All patients harbored tumors of stage T2c or greater, and Gleason grade 7 or higher. Serum prostate-specific antigen (PSA) levels ranged from 2.1–10.2 ng/ml (Supplementary Table 1). Three tumors contained chromosomal rearrangements involving the TMPRSS2-ERG loci as determined by fluorescence in situ hybridization (FISH) and RT-PCR2 (Table 1 and Supplementary Table 1). We obtained approximately 30-fold mean sequence coverage for each sample, and reliably detected somatic mutations in more than 80% of the genome (described in Supplementary Information). Circos plots12 indicating genomic rearrangements and copy number alterations for each prostate cancer genome are shown in Figure 1.
We identified a median of 3,866 putative somatic base mutations (range: 3,192–5,865) per tumor; the estimated mean mutation frequency was 0.9 per megabase (see Supplementary Methods). This mutation rate is similar to that observed in acute myeloid leukemia and breast cancer13–16 but 7–15 fold lower than rates reported for small cell lung cancer and melanoma17–19. The mutation rate at CpG dinucleotides was more than 10-fold higher than at all other genomic positions (Supplementary Fig. 1). A median of 20 non-synonymous base mutations per sample were called within protein-coding genes (range: 13–43; Supplementary Table 3). We also identified six high-confidence coding indels (4 deletions, 2 insertions) ranging from 1 to 9 base pairs (bp) in length, including a 2bp frameshift insertion in the tumor suppressor gene, PTEN (Supplementary Table 4, Supplementary Fig. 2).
Two genes (SPTA1 and SPOP) harbored mutations in 2/7 tumors. SPTA1 encodes a scaffold protein involved in erythroid cell shape specification, while SPOP encodes a modulator of Daxx-mediated ubiquitination and transcriptional regulation20. The SPOP mutations exceeded the expected background rate in these tumors (Q = 0.055), Moreover, SPOP was also found significantly mutated in a separate study of prostate cancer21. Interestingly, the chromatin modifiers CHD1, CHD5, and HDAC9 were mutated in 3/7 prostate cancers. These genes regulate embryonic stem cell pluripotency, gene regulation, and tumor suppression22–24. Members of the HSP-1 stress response complex (HSPA2, HSPA5, and HSP90AB1) were also mutated in 3/7 tumors. The corresponding proteins form a chaperone complex targeted by several anticancer drugs in development25. Furthermore, we found the KEGG pathway “Antigen processing and presentation” to be significantly mutated out of 616 diverse gene sets corresponding to gene families and known pathways (Q = 0.0021). This result is intriguing given the clinical benefit associated with immunotherapy for prostate cancer26,27. Other known cancer genes were mutated in single tumors, including PRKCI and DICER. Thus, some coding mutations may contribute to prostate tumorigenesis and suggest possible therapeutic interventions.

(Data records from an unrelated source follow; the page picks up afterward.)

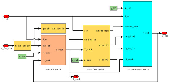 The model used was developed based on mass conservation law, energy conservation law, mass transport theory and electrochemistry principles, also utilizing the electrochemical model, mass flow model and thermal model. In Simulink® environment, the model of OC-PEMFC is established, as shown in Figure 2. In the electrochemical model, the cell output voltage is determined by the Nernst potential and three major voltage losses (activation overvoltage, ohmic overvoltage and concentration overvoltage). In the thermal model, heat generated through electrochemical reaction and dissipation caused by forced convection is considered. In the mass flow model, the air delivery system, the anode flow channel, the cathode flow channel, the cathode gas diffusion layer (CGL), the cathode catalyst layer and the membrane is modelled. Due to the cathode flow channel being exposed to atmosphere, the water retention property of CGL is needed to be modelled, in order to describe the internal humidity state.
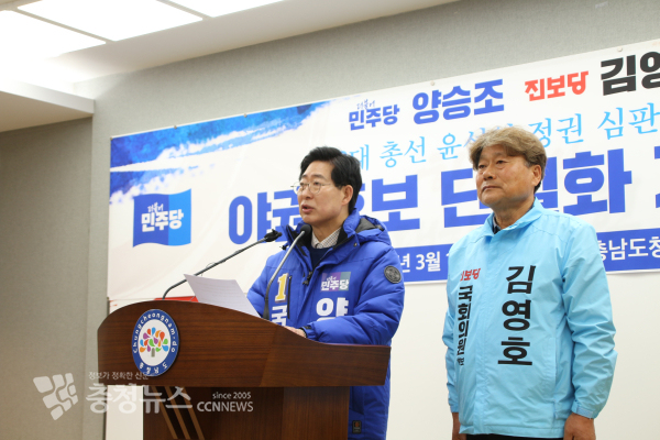[충청뉴스 권상재 기자] 충남 홍성·예산 국회의원 야권 단일화에 성공한 양승조 더불어민주당 국회의원 후보가 19일 김영호 진보당 예비후보와 맞손을 잡고 4·10 총선 승리를 다짐했다.
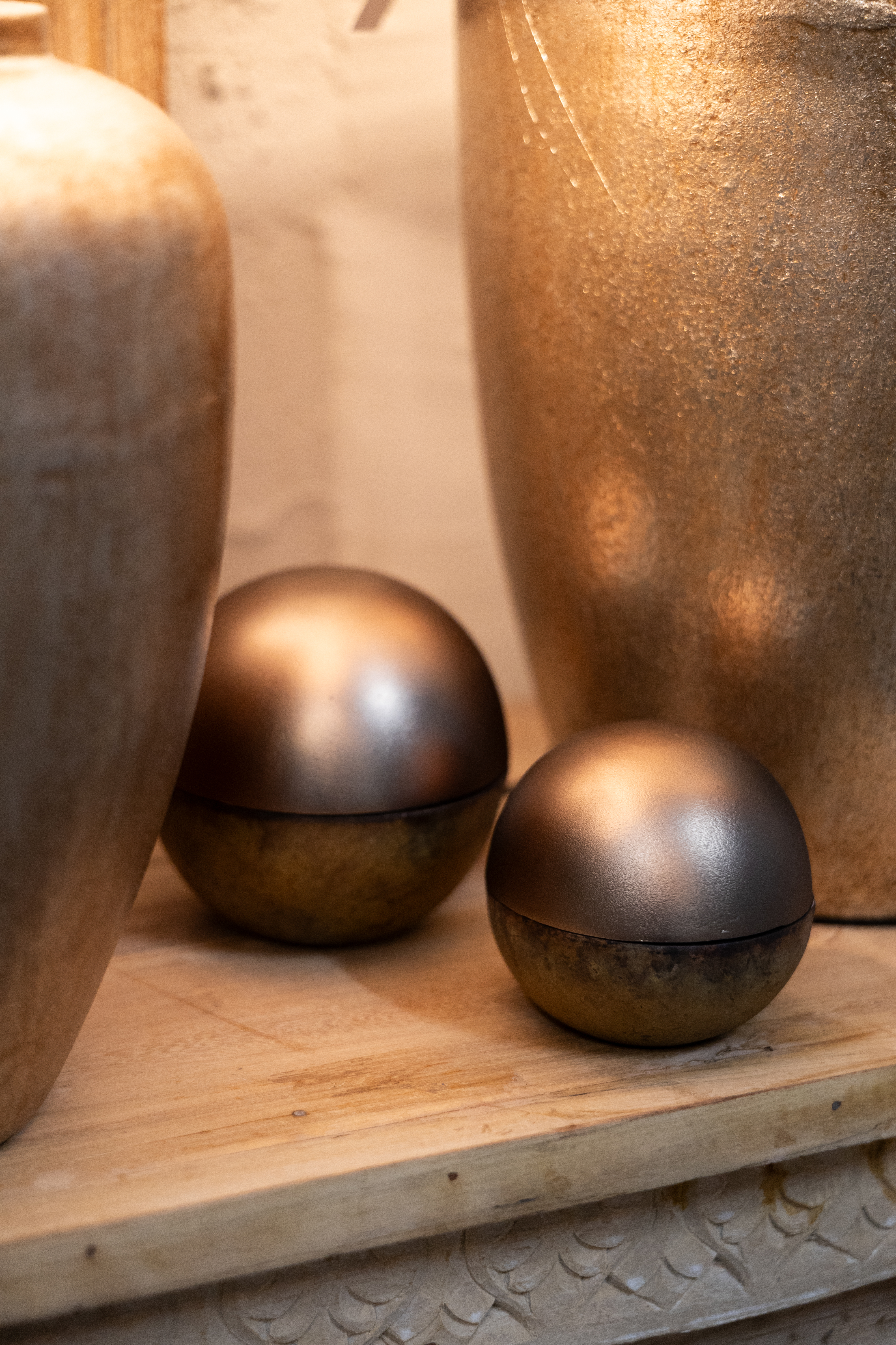 Metalowe pudełko dekoracyjne w kształcie kuli to połączenie prostej formy i wyrazistego wykończenia. Geometryczna bryła nadaje mu charakter nowoczesnego dodatku, który dobrze odnajduje się zarówno w minimalistycznych, jak i bardziej wyszukanych aranżacjach wnętrz.
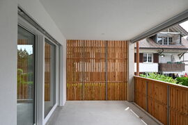 Alle Sitzplätze und Balkone sind durch die darüberliegenden Etagen oder Dachkonstruktionen abgedeckt, sodass die Bewohnerinnen und Bewohner bei milderen Temperaturen geschützt im Freien verweilen können.
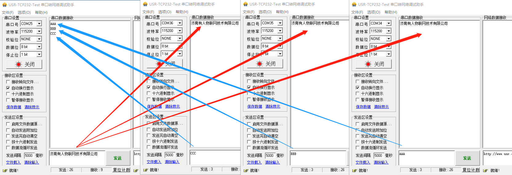 電腦打開4個USR-TCP232-TEST串口軟件,打開對應4個WH-L101-L-H20的USB-RS232串口線COM口號,A號WH-L101-L-H20發(fā)送數(shù)據(jù),另一個3個WH-L101-L-H20均可接收數(shù)據(jù)。B/C/D模塊發(fā)送數(shù)據(jù),只有A模塊可以接收到。
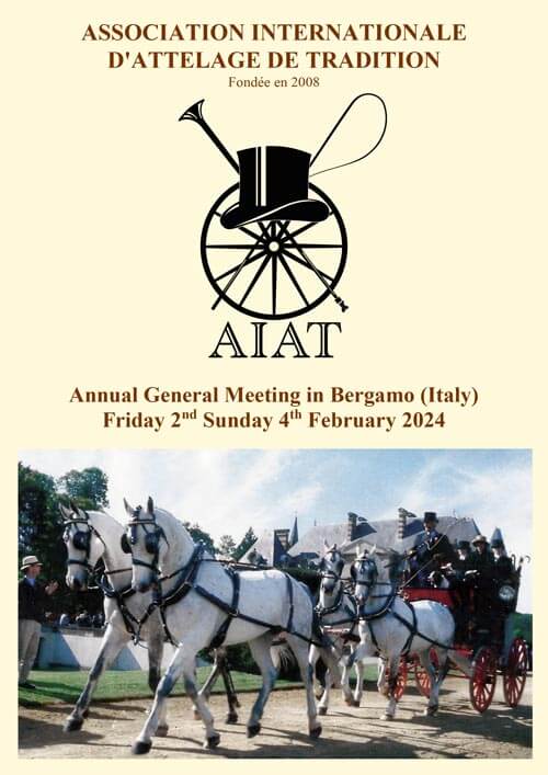 Il primo evento nel calendario GIA 2024, anno in cui si celebra il Cinquantesimo dalla Fondazione del Gruppo Italiano Attacchi avvenuta il provincia di Bergamo nel 1974, sarà l’ospitare l’Annuale Assemblea dell’AIAT (Association Internationale d’Attelage de Tradition), della quale il GIA è membro per l’Italia, e proprio a Bergamo.
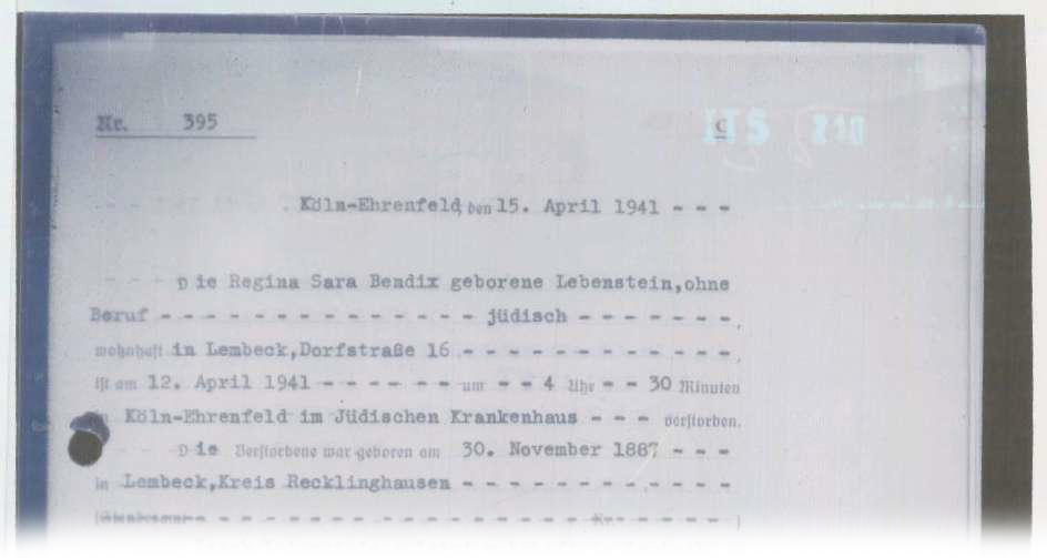 Neue Erkenntnis: Bei der Recherche und Würdigung der Schicksale von Dülmener Juden ging man bislang irrtümlich davon aus, dass Regina Bendix (geb. 1887 und seit 1928 mit ihren drei Kindern wohnhaft am Dülmener „Kreuzweg“) das Schicksal ihrer Tochter Friederike geteilt habe: Demnach sei sie mit ihr 1934 gemeinsam in die Niederlande geflohen und von dort 1942 in die Vernichtung deportiert worden. Diese Auskunft gibt etwa der „Stolperstein“ für Regina Bendix aus dem Jahr 2007. (Auch ein einschlägiger Meldebogen über Regina Bendix in der Holocaust-Gedenkstätte Yad Vashem nennt als „death place“ fälschlicherweise Ausschwitz.) Jüngere Recherchen haben nun zweifelsfrei ergeben, dass Regina Bendix im Sommer 1936 zu einer Schwägerin nach Südlohn zog; dort war sie auch noch zur Volkszählung 1939 gemeldet. Auch wenn ihr die Deportation erspart blieb, so waren die kommenden Ereignisse ebenfalls tragisch: Sie erkrankte an Gebärmutterkrebs und starb schließlich am 12. April 1941 im Israelitischen Krankenhaus in Köln. Nach ihrer Grabstätte auf einem der drei jüdischen Friedhöfe in Köln wird zeitnah recherchiert.
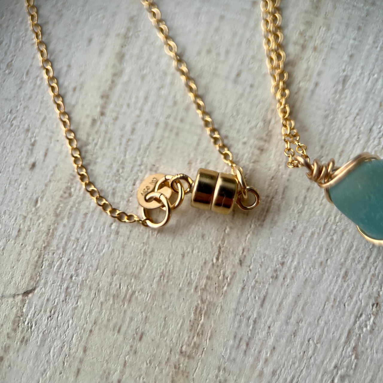 《14kgf》魅力を引き出す小さなブルーシーグラスのネックレス 48cm

Given the importance of oncogenic gene fusions in prostate cancer, we next characterized the spectrum of chromosomal rearrangements. We identified a median of 90 rearrangements per genome (range: 43–213) supported by ≥3 distinct read pairs (Supplementary Table 5). This distribution of rearrangements was similar to that previously described for breast cancer28. We examined 594 candidate rearrangements by multiplexed PCR followed by massively parallel sequencing, and validated 78% of events by this approach (see Supplementary Methods). Three genes disrupted by rearrangements also harbored non-synonymous mutations in another sample: ZNF407, CHD1, and PTEN. Notably, the chromatin modifier CHD1, which contains a validated splice site mutation in prostate tumor PR-1701 (as indicated above), also harbored intragenic breakpoints in two additional samples (PR-0508 and PR-1783). These rearrangements predict truncated proteins, raising the possibility that dysregulated CHD1 may contribute to a block in differentiation in some prostate cancer precursor cells22.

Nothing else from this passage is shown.